How Beer is Processed

May 23, 2018

By IFT Staff

Summer is almost upon us, and with it comes cookouts, picnics and, oftentimes, a tall, cold beer.

It's is the oldest and most widely-consumed alcoholic beverage in the world, with origins tracing back to the early Neolithic Era, or 9500 BC. During the construction of the Great Pyramids, Egyptian workers were paid four to five liters of beer a day for both refreshment and nourishment. Around 3000 BC, beer spread throughout Europe. Early European beers contained fruit, honey, spices, and even narcotic herbs. Hops were finally introduced in the year 822 AD.

Today, the brewing industry is a global phenomenon.
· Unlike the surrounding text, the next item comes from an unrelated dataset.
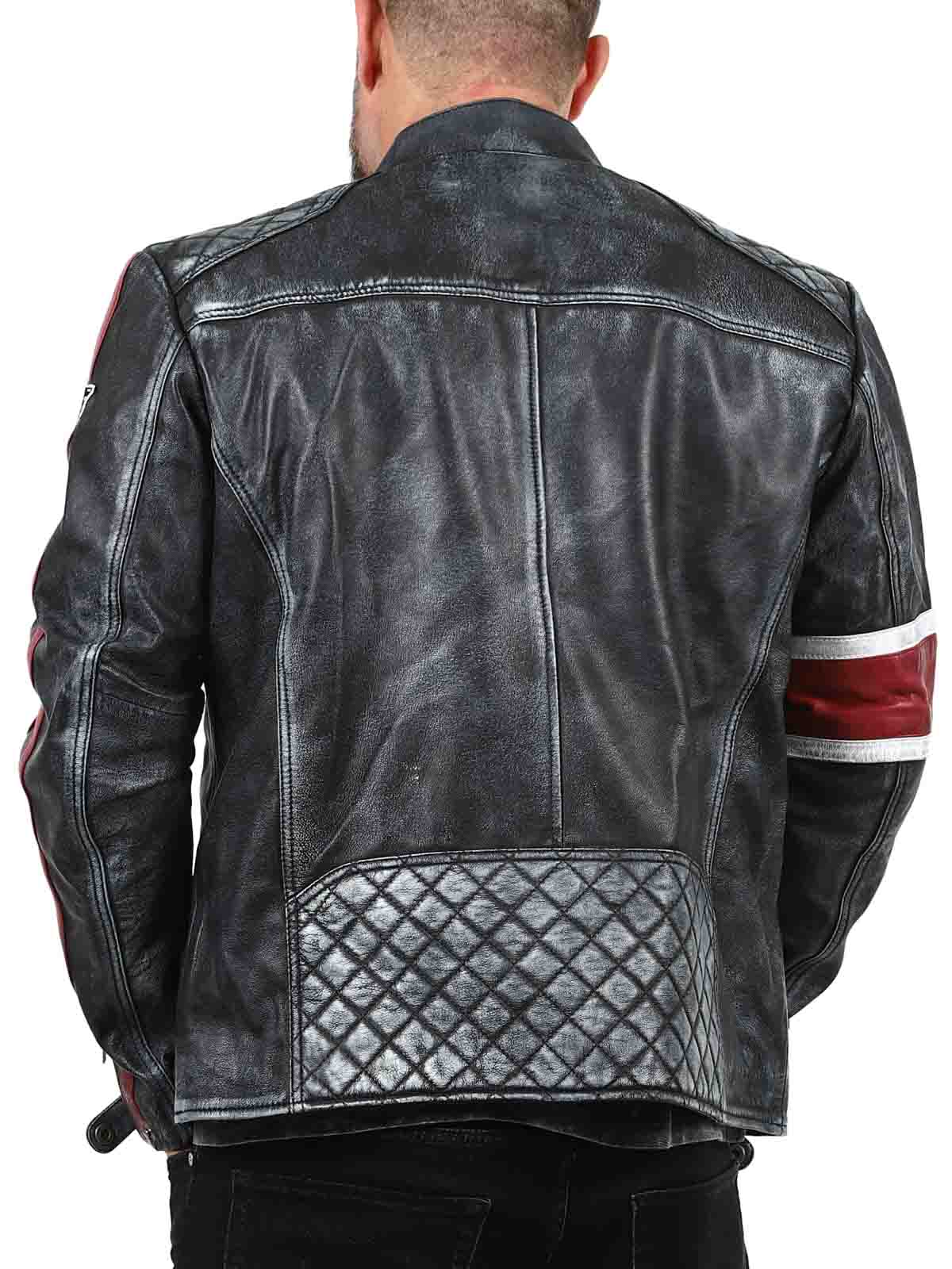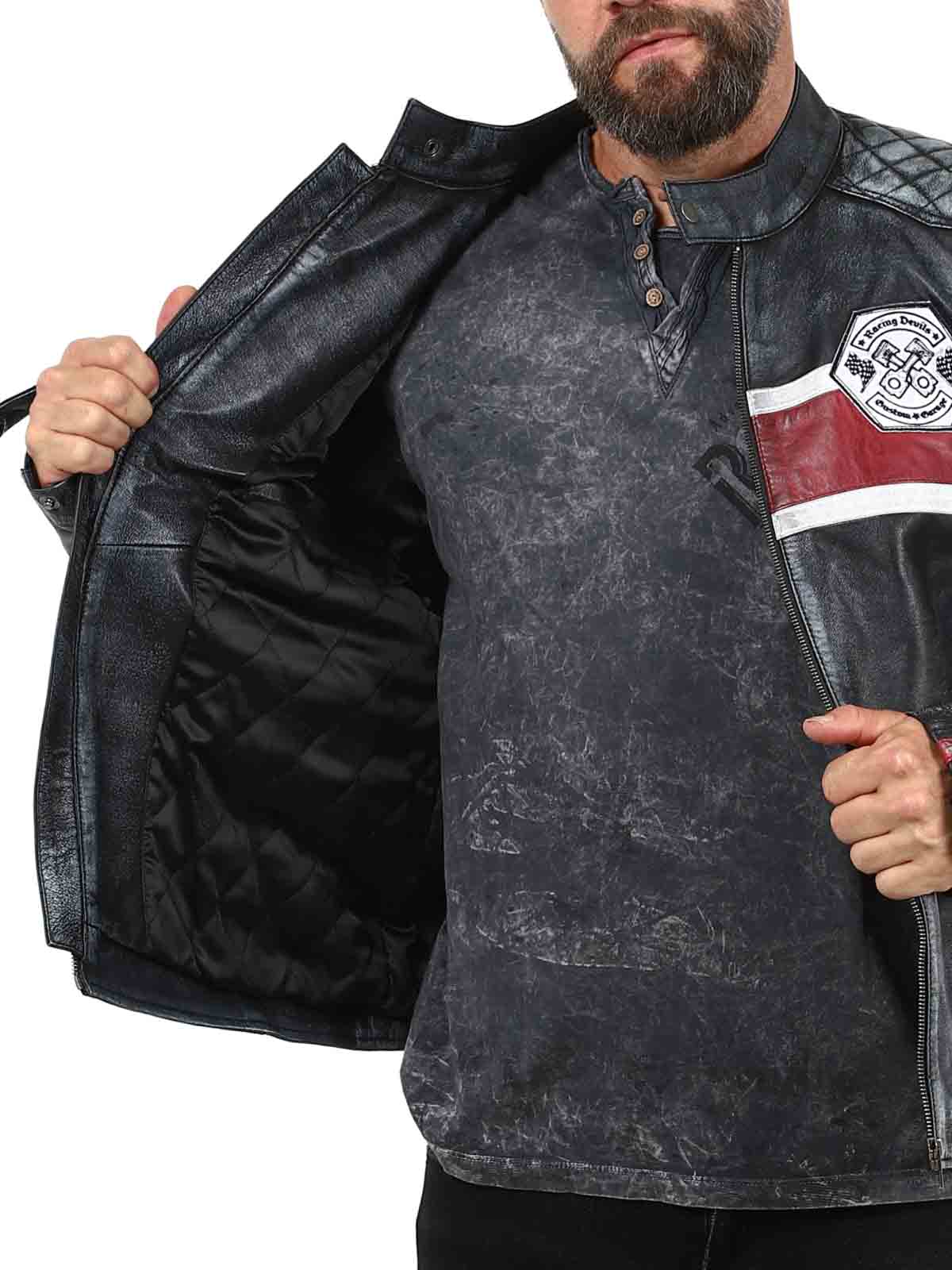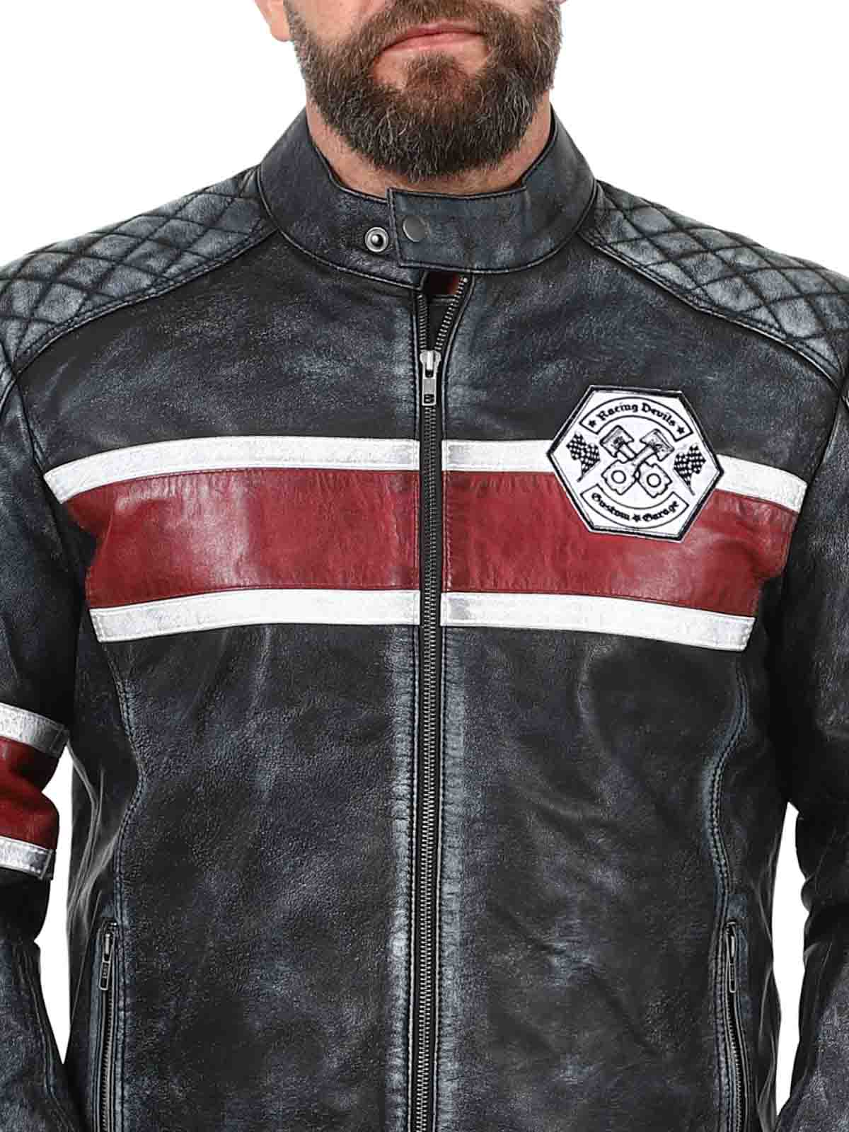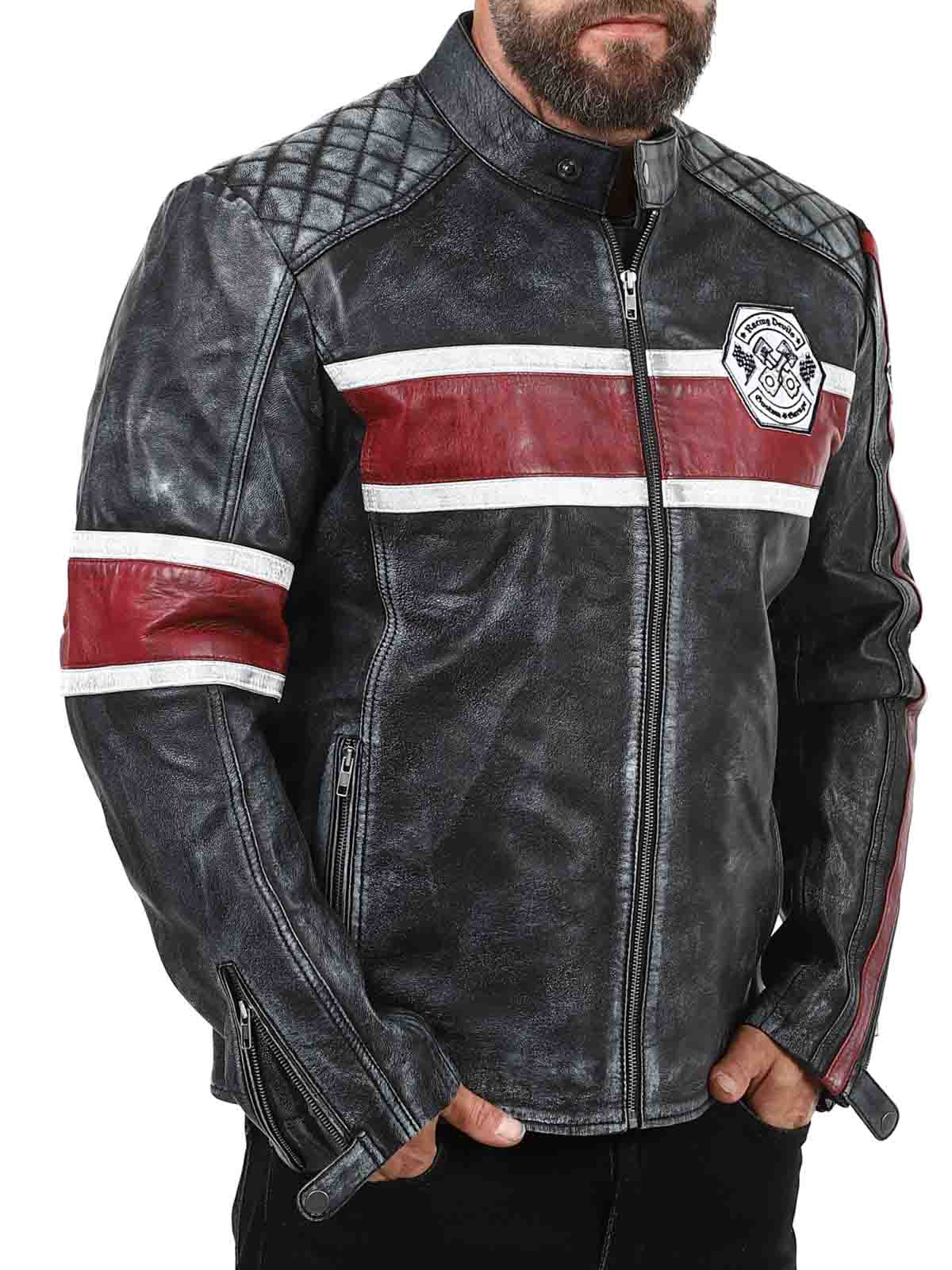 Tässä aidosta lampaannahasta valmistetussa takissa on karkea ja vintage-henkinen ilme, joka vangitsee huomion. Tunnusomaiset punavalkoiset raidat saavat sen näyttämään sporttiselta, ja kulunut viimeistely korostaa takin luonnetta. Yksityiskohtiin lukeutuu kangasmerkkejä, rouheita vetoketjuja ja vahvistettuja osioita, jotka tekevät tästä takista täydellise niille, jotka haluavat yhdistää klassisen biker-tyylin siistiin twistiin!

In 2015, the United States was the second-largest producer of beer worldwide, producing about 224 million hectoliters of beer, following China. In 2016, Americans spent more than $107.6 billion on beer, outpacing sales of wine, spirits, and water.
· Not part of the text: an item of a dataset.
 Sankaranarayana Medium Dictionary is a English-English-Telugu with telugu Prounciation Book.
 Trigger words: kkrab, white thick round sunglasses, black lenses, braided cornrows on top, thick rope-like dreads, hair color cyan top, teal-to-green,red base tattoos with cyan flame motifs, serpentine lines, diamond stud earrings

In recent years, the greatest increases in beer sales have come from the craft beer category, which increased 10% from 2015 to 2016—well ahead of the overall beer category, which increased only 1.3% - 3.5%.

As for consumption, Americans drank an average of 27 gallons of beer per capita in 2013, with 6% percent of U.S. adults consuming beer every day. Before you crack open your next cold one, find out how your favorite beer is made in our slideshow: 


  • Malting and Milling

    Step 1: Malting and Milling

    Creates the color and flavor of the beer and pulls out the starches for fermentation.

  • Mashing and Lautering

    Step 2: Mashing and Lautering

    Converts the starches into sugars and removes the wort from spent grains. 

  • Boiling

    Step 3: Boiling

    Hops are added into the boiling wort to create bitterness.

  • Fermenting

    Step 4: Fermenting

    Yeast is added to eat up the sugars and create the all-important alcohol.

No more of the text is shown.